» What you are asked to do
The answer is to be the lines below that lie between the line holding "厂家办公室灯具led铝合金全尺寸办公灯长条灯办公灯写字楼吊灯" and the line holding "Elegantna duga haljina", inclusive, transcribed exactly and free of pictures.

» Records for the exercise
──────────
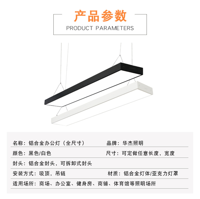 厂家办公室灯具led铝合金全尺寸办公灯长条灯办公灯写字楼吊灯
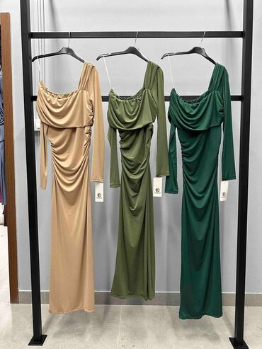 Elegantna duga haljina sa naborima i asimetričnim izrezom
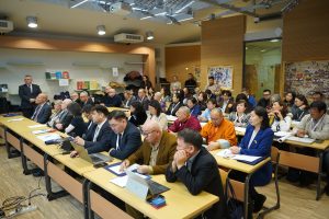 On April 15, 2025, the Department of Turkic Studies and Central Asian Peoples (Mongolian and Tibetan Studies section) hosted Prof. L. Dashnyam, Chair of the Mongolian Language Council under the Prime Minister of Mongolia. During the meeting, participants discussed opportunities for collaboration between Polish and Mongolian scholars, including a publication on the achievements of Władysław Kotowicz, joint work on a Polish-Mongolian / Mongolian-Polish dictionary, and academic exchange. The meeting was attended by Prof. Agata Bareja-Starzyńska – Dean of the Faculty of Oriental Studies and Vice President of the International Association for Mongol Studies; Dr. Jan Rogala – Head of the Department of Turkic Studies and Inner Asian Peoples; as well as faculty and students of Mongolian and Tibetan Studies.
──────────
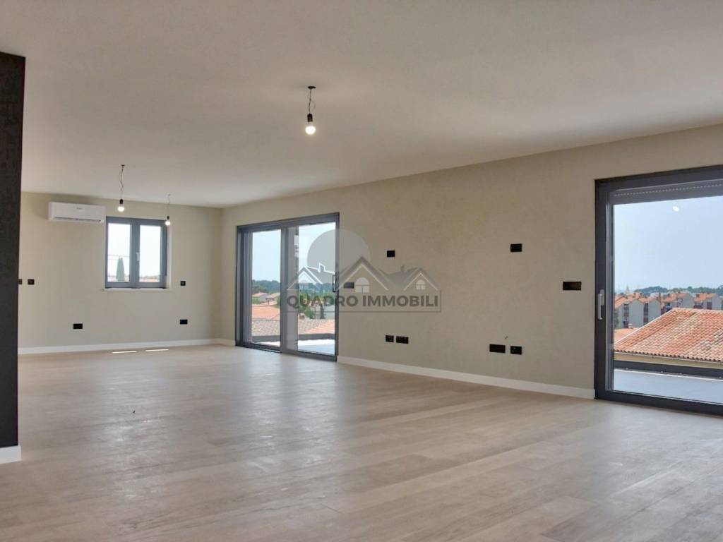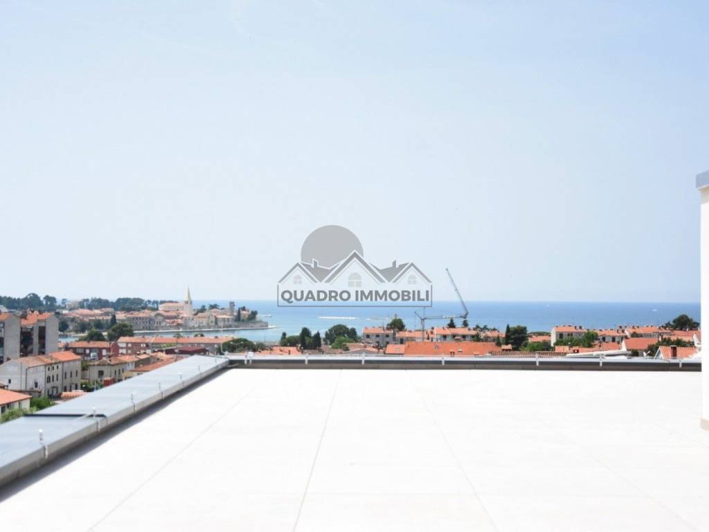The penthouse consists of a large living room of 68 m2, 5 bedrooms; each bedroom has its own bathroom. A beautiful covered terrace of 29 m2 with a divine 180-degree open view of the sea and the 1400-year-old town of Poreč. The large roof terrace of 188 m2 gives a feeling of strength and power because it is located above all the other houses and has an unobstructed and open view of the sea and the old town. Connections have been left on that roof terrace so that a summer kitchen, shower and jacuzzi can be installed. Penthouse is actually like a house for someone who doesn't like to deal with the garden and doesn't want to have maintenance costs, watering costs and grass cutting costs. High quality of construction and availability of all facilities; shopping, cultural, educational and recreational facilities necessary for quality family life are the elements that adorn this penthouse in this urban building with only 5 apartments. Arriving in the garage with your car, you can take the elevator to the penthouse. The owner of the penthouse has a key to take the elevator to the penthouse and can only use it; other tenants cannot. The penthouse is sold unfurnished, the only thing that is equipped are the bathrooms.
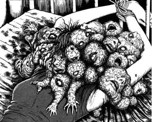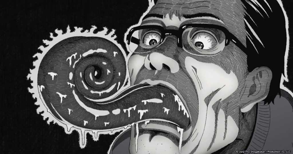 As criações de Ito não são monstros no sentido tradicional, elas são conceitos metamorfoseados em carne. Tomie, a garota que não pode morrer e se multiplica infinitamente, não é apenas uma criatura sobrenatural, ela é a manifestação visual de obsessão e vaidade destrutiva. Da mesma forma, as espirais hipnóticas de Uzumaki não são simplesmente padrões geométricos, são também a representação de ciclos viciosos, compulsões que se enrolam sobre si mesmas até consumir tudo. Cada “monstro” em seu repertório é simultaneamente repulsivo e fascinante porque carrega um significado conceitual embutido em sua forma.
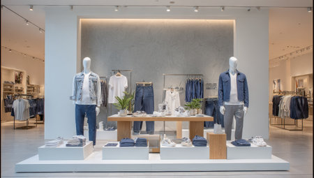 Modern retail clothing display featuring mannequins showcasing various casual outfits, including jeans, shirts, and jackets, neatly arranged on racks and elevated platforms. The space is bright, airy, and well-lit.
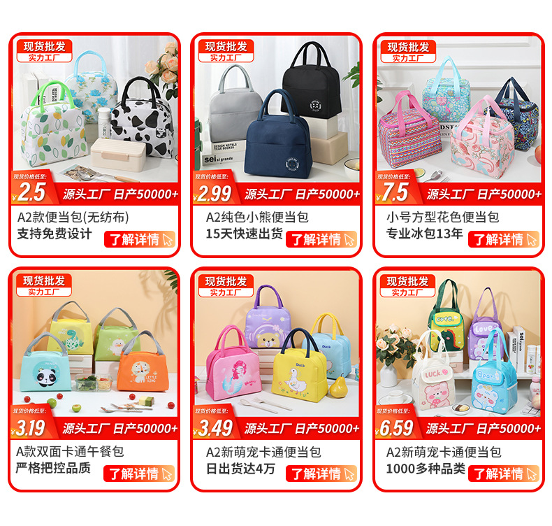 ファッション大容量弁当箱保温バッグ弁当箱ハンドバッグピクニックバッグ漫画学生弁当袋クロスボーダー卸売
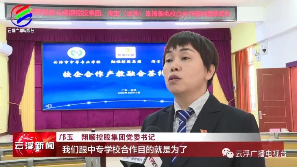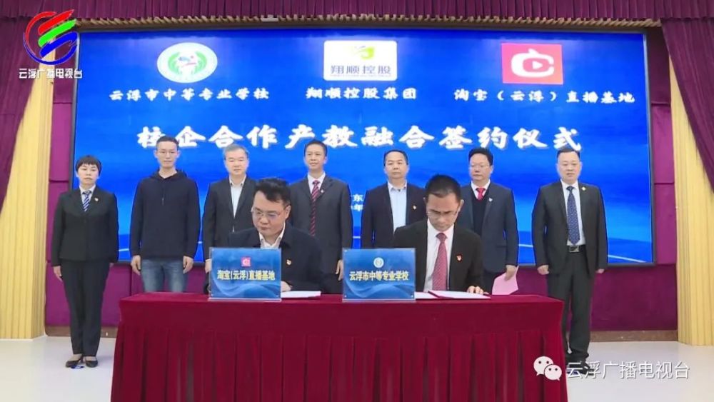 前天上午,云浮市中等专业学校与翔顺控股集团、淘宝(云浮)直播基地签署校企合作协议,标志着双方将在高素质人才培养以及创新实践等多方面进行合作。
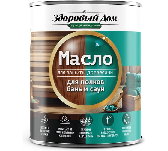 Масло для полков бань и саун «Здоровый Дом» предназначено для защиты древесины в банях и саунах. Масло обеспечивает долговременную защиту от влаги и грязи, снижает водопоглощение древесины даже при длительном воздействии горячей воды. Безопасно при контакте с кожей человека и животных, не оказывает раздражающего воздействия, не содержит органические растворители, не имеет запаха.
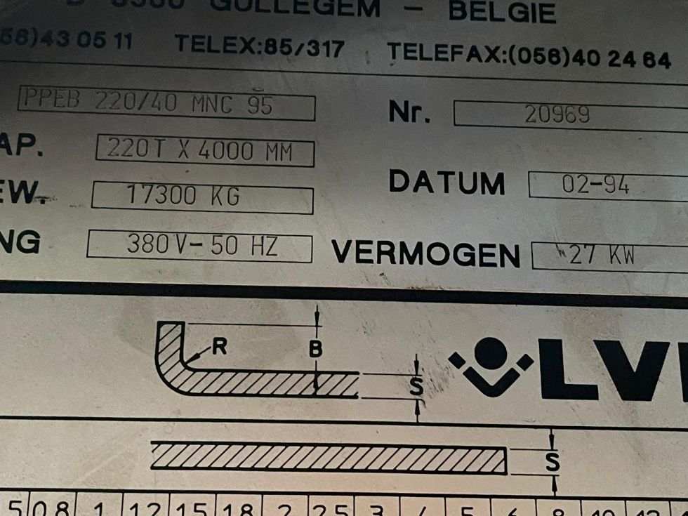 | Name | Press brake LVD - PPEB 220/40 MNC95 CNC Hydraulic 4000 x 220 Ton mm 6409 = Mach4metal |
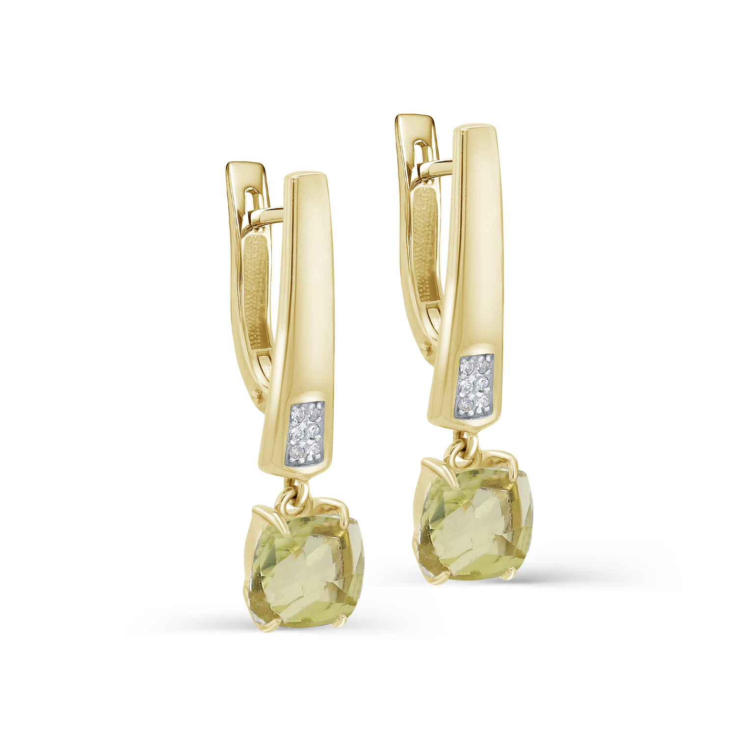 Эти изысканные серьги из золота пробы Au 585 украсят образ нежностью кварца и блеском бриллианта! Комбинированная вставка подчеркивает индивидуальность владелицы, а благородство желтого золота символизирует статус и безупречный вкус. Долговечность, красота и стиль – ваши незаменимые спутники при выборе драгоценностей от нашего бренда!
──────────
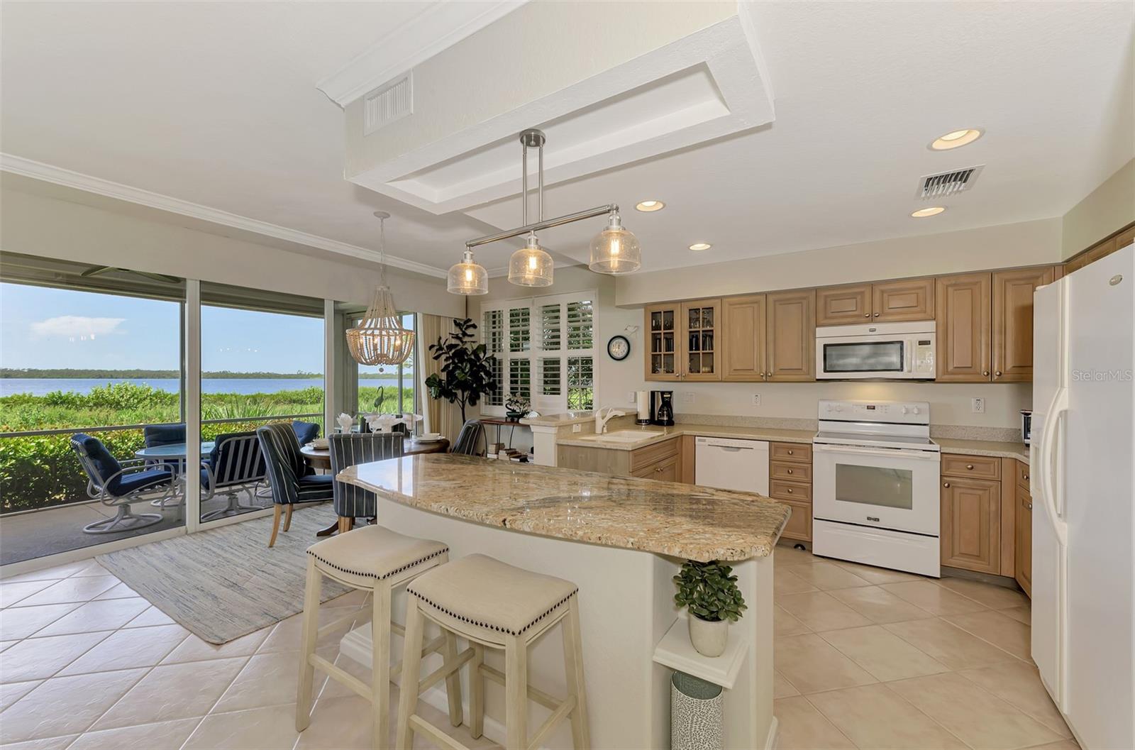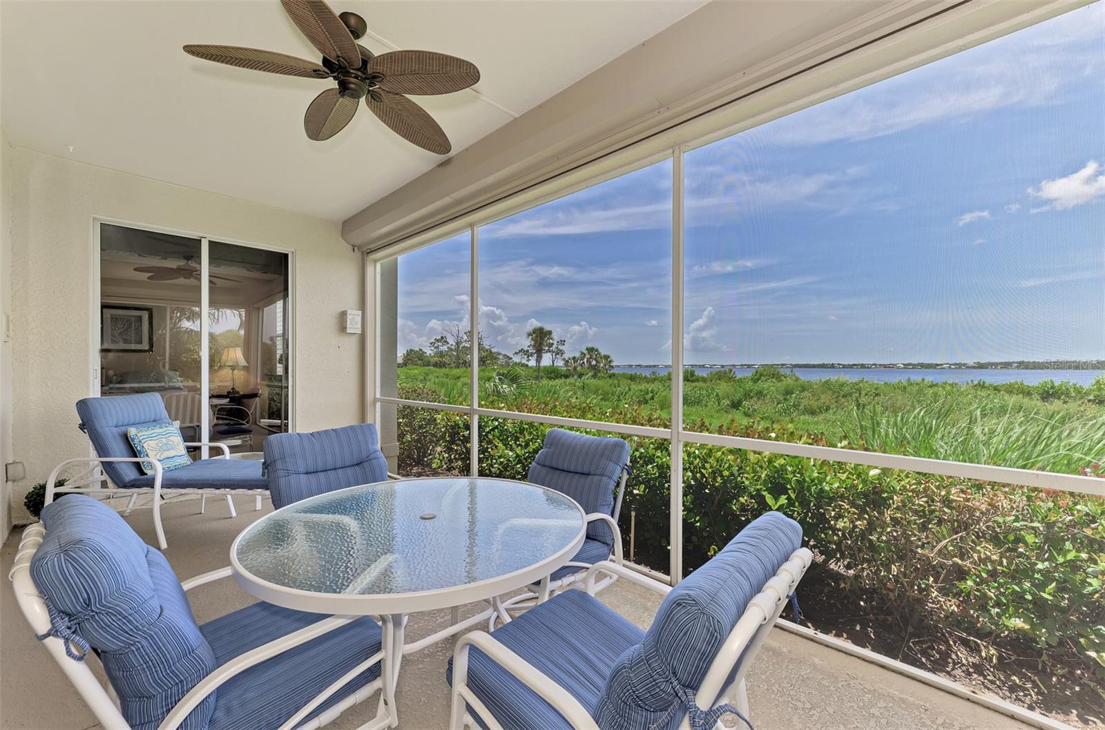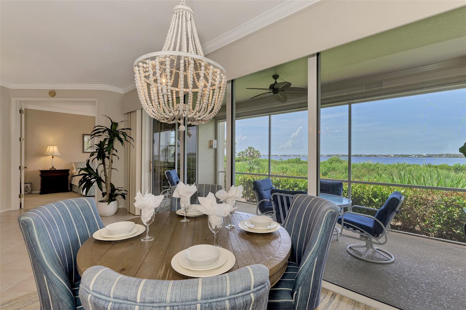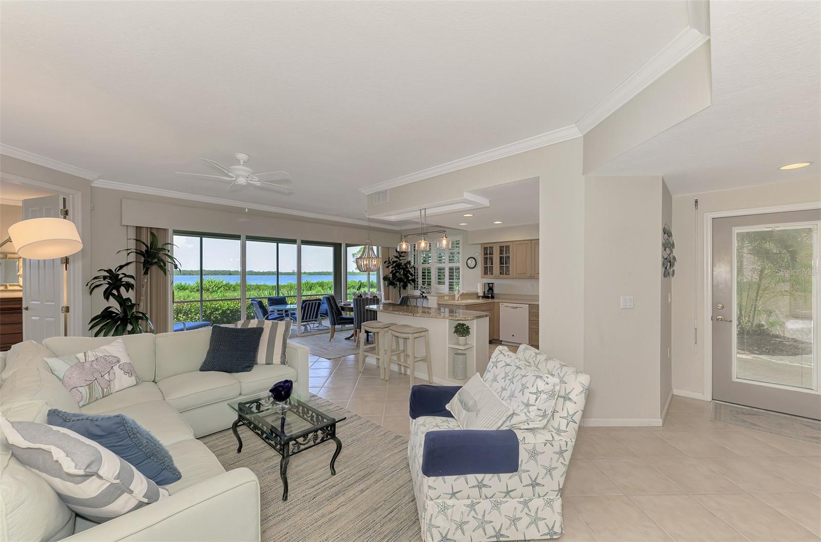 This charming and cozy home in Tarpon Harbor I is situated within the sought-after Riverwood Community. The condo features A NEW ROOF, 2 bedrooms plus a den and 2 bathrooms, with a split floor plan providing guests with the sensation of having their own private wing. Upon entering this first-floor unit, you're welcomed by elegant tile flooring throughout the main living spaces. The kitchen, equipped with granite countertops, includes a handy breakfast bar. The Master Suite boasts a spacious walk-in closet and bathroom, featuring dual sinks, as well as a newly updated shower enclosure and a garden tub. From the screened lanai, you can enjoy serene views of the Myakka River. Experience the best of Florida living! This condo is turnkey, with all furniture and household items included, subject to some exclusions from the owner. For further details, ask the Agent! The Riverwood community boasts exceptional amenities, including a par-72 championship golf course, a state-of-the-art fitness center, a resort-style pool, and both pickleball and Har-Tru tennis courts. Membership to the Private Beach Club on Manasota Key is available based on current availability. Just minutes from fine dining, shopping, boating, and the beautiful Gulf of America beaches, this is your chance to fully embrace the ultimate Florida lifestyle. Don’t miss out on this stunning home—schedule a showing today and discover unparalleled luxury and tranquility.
──────────
» Answer space
 厂家办公室灯具led铝合金全尺寸办公灯长条灯办公灯写字楼吊灯
 Elegantna duga haljina sa naborima i asimetričnim izrezom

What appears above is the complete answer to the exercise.